Internet Inventor’s Boss Called Idea “Vague But Exciting” 30 Years Ago

In his letter, Sir Tim said it would be "defeatist and unimaginative" to assume the web could not be changed for the better given how far it has come in 30 years, but urged governments, organisations and the public to work together to improve the current system.

English computer scientist Tim Berners-Lee, 3rd left on the podium, best known as the inventor of the World Wide Web, attends an event at the CERN in Meyrin near Geneva, Switzerland, March 12, 2019.

Berners-Lee told reporters that some political events in recent years also led many people to distrust the web.

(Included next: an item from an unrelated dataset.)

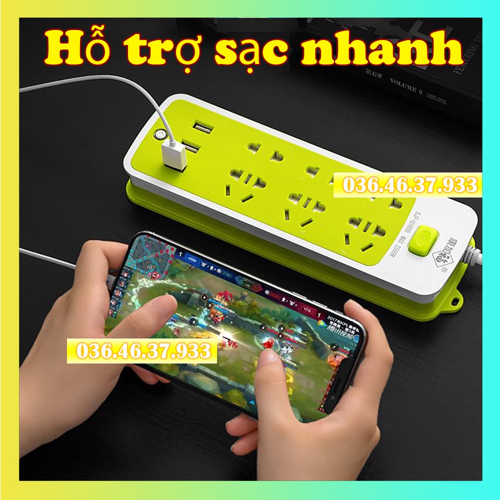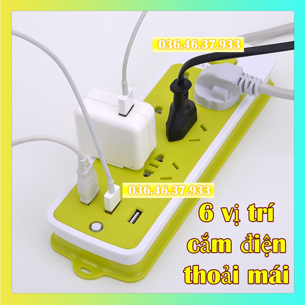 Ổ cắm điện đa năng có cổng USB sạc nhanh thông minh dây dài 1,5m thiết kế 6 lỗ

One is malicious intent, which includes state-sponsored hacking, harassment and just plain old crime.

The internet, which is a network of networks formed of computers, existed long before the World Wide Web. In his annual published letter, the father of the Internet, Tim Berners-Lee, identifies three dysfunctions and solutions.

All those web pages, photos, videos and any kind of content on the online platform can be called World Wide Web, which you can access through a browser. We need open web champions within government - civil servants and elected officials who will take action when private sector interests threaten the public good. "[The inventor], Tim Berners-Lee, wasn't hired to make the World Wide Web, but he could see that CERN had a lot of problems finding information and connecting the right information", says our guest, Professor Niels Brügger, who is specialised in internet studies and digital humanities.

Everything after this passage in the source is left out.